Quintus shrugged. They paused while some particularly vitriolic shouting killed all possibility of whispering.

"These sons of sea witches," Marcus said, "don't know Roman citizens alone are allowed to persecute, dominate and eradicate others?"

"We will have to explain it to them, but I need support. When I stand to call for military action, I need you to stand with me," Quintus said. "Seneca, after a military victory, I can procure funding for your deep sea colonization. The populous will demand elections and we will rise with the next vote."

"What military force are you suggesting?"

"For Asia, we will need bombs. I would hate to drop an alpha; their industry and art is too valuable, you understand," Quintus said.

"And the sushi is quite nice," added Marcus. "But we both agree a bomb for the Japanese. Your scientist fellow, what's his name?"

"Einstein."

"Yes, from what I hear he has developed quite the micro-missile, yes?" Quintus continued.

Seneca nodded.

"One or two of those small atomic bombs somewhere in nature should do the trick and if not, we'll send the drones to wipe out their ocean fleet. That would upset anyone into submission."

Marcus chuckled in agreement.

"And for the leaders of this Aryan race movement? What about them if they are hiding in their bunkers?" Seneca asked.

"We have...a traitor."

"We have a traitor?"

"They...they have a traitor. One of their own who will sell out his comrades and his Fuhrer. For a price. But we could move a small force into their territory and pull these rats from their hole before they can shit their pants and beg for mercy. This sort of minimum loss for Rome has always been popular."

"Who is this Fuhrer? Is that his name?" Seneca asked.

"Fuhrer means leader. Marcus, do you remember him? These primitive names all sound the same to me," Quintus said.

Cups of wine and water were served and the men helped themselves while Marcus tried to remember.

"'H' something or other," the old man said, swishing his wine around. "Hickler? Hicklman...Himmler! That's it!
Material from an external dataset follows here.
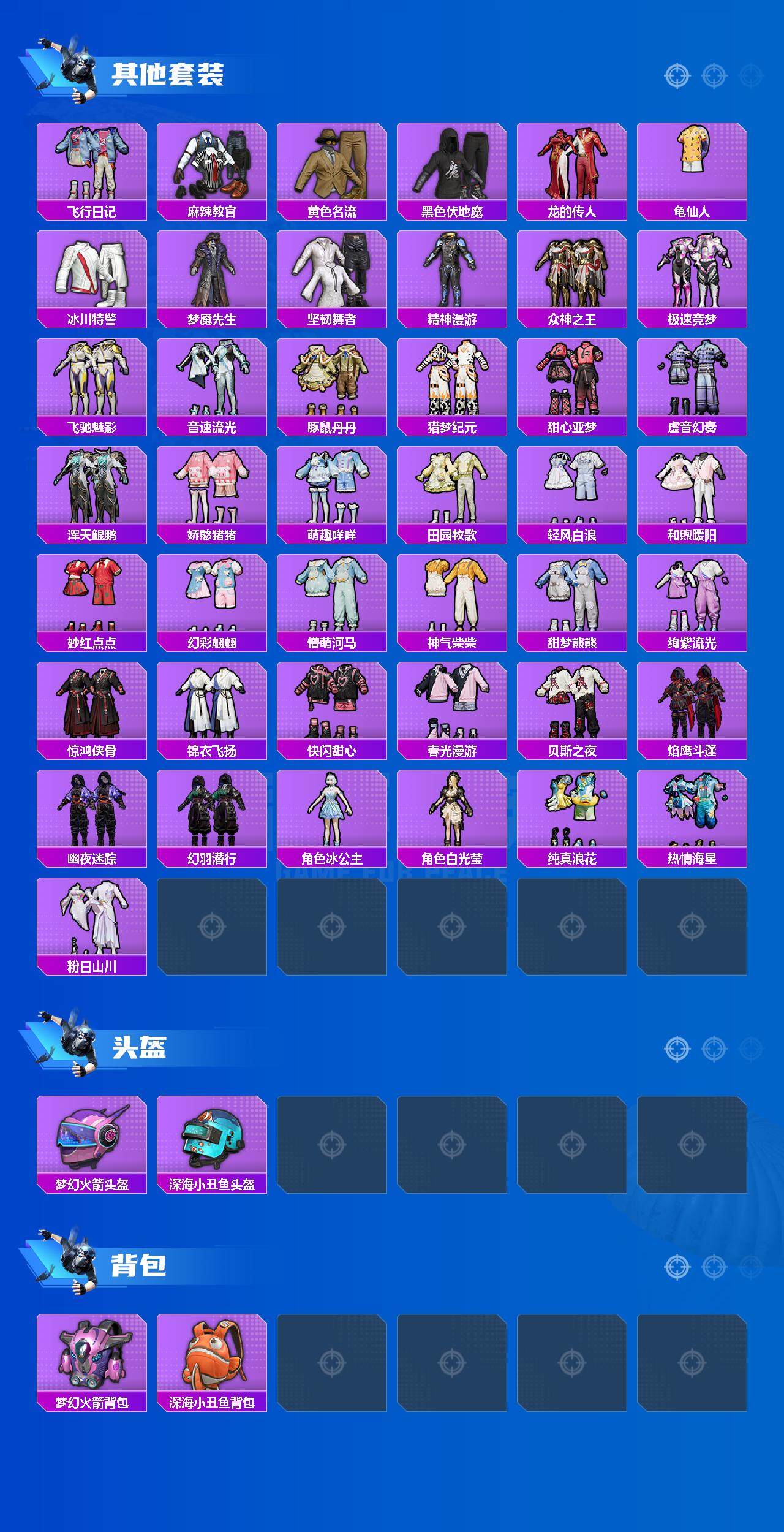 【稀有套装】:套装-龟仙人,套装-绒宝小鹅,套装-巳巳如意,套装-雏菊兔兔,套装-萝兰蝴蝶,套装-糖糖葫芦,套装-青团波波,角色-都市丽猫,角色-摩登魅猫,角色-许七安,角色-临安公主,角色-怀庆长公主,套装-燕燕于飞,套装-鱼渊荷华,角色-风玲,角色-海琴烟,套装-晶灵使者,角色-琉璃花蕾,角色-冰晶湖光,套装-粉恋花,套装-紫幽梦,套装-蓝冰羽,角色-猎影月神,套装-极速光影,套装-云朵鹅,套装-雪绒豹,角色-时希公主,角色-玫纹锢梦,套装-朱霞炽焰,套装-凌霄紫焰,套装-擎苍青焰,玩偶服-懒羊羊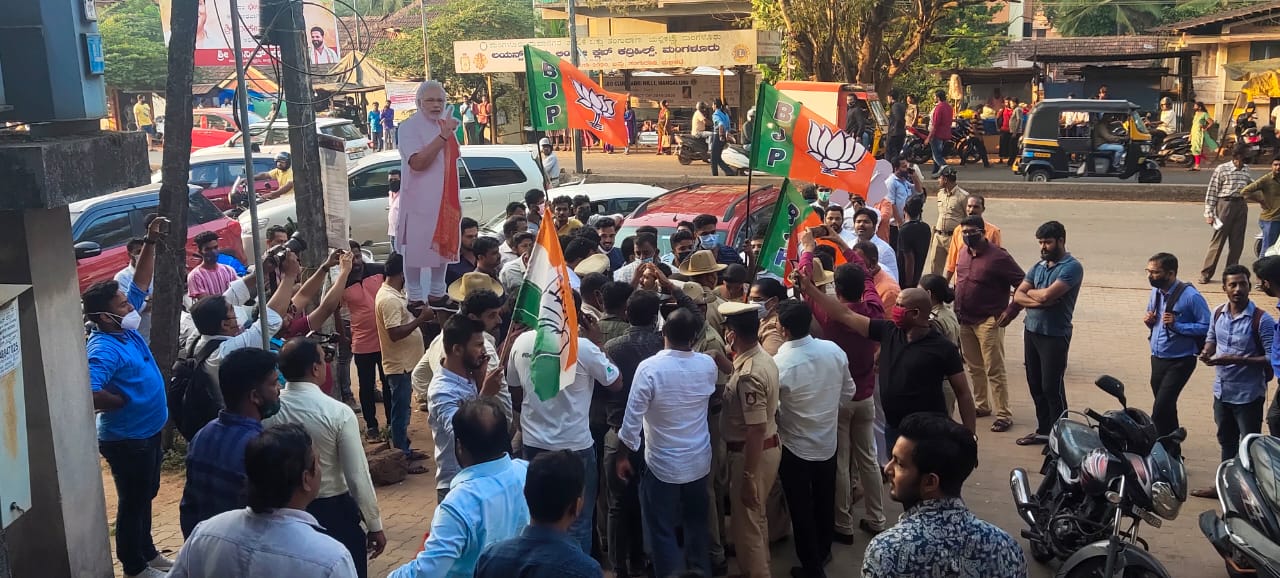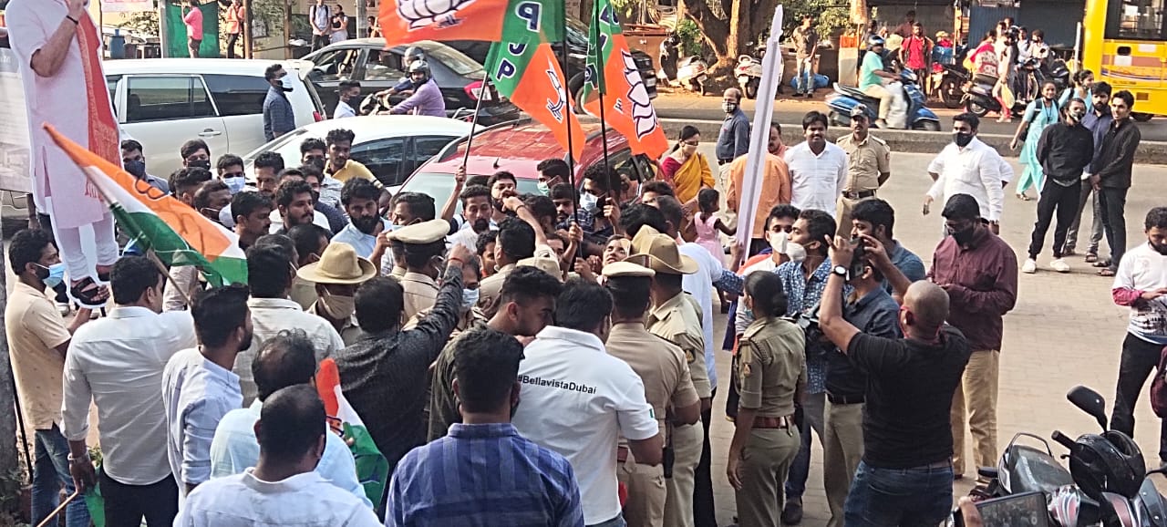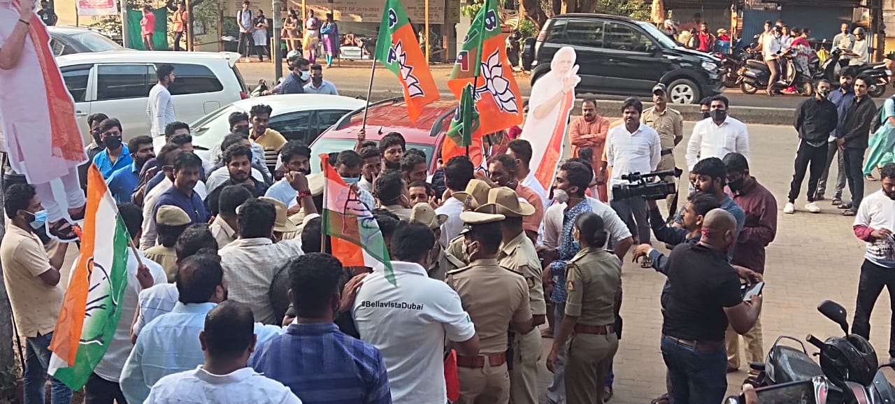 ಬಿಜೆಪಿ ಪ್ರತಿಭಟನೆ ಮುಗಿಯುತ್ತಿದ್ದಂತೆ ಸ್ಥಳಕ್ಕೆ ಆಗಮಿಸಿದ ವಿಧಾನ ಪರಿಷತ್ ಮಾಜಿ ಸದಸ್ಯ ಐವನ್ ಡಿಸೋಜ, ಕಾಂಗ್ರೆಸ್ ಕಾರ್ಯಕರ್ತರನ್ನು ಸೇರಿಸಿಕೊಂಡು ಬಿಜೆಪಿ ಕಚೇರಿ ಬಳಿ ಪ್ರತಿಭಟನೆಗೆ ಮುಂದಾದರು. ಪೊಲೀಸರು ತಕ್ಷಣ ಮಾಹಿತಿ ರವಾನಿಸಿ, ಬಿಜೆಪಿ ಕಚೇರಿ ಬಳಿ ರಸ್ತಗೆ ಯಾರೂ ಪ್ರವೇಶಿಸದಂತೆ ಬ್ಯಾರಿಕೇಡ್ ಅಳವಡಿಸಿದರು. ಸಾಕಷ್ಟು ಮಂದಿ ಬಿಜೆಪಿ ಕಾರ್ಯಕರ್ತರೂ ಅಲ್ಲಿ ಸೇರಿದ್ದರು. ಕಾಲ್ನಡಿಗೆಯಲ್ಲಿ ಬಿಜೆಪಿ ಕಚೇರಿಗೆ ಸಾಗುತ್ತಿದ್ದ ಐವನ್ ಡಿಸೋಜಾ ನೇತೃತ್ವದ ತಂಡವನ್ನು ಬಂಟ್ಸ್ ಹಾಸ್ಟೆಲ್ ಬಳಿಯಲ್ಲೇ ಪೊಲೀಸರು ವಶಕ್ಕೆ ಪಡೆದರು.

Heinrich Himmler, a brilliant strategist, he studied in our schools in the Bavarias."

"All right," said Seneca. He narrowed his eyes at Quintus. "I will support these two military interventions to rid Rome of the threat of German and Mongolian invasion, for funding on my two projects – sea colonization and space exploration, the use of my scientist's inventions, and one other small favor."

"Name it, my friend," said Quintus. A spreading smile created creases in his face.

"That you bring this Himmler back and put him in the arena. Make him the laurel leaf of the victory games. Traditional games – chariots, gladiators, crocodiles, everything. I want his death to be spectacular, and I want privileged seating for myself, my son, my daughter and my future son-in-law. That way I save money on the wedding celebration."

"It is all yours! As you lead, many senators will follow. We will not fail."

"And one other thing. This traitor, what is his price?"

"The fool is desperate to be made Fuhrer himself. After he betrays his people, he thinks we can prop him up as their new leader." Quintus scoffed.

"I can't abide traitors, weaklings or fools. Bring him back alive to Rome, as a final favor to me. We have some starving lions in cages at the colosseum, don't we?"

"Of course," Quintus said.

"Perfect, we'll feed this traitor, this...What's his name?"

"Hitler," said Marcus. "Adolf Hitler. I told you all their names sound alike."

"We'll feed this Hitler to the starving lions as punishment for believing himself a superior being."

The men uncovered their anti-conspiracy mics hidden in the stripe of their togas, and grinned in understanding at one another.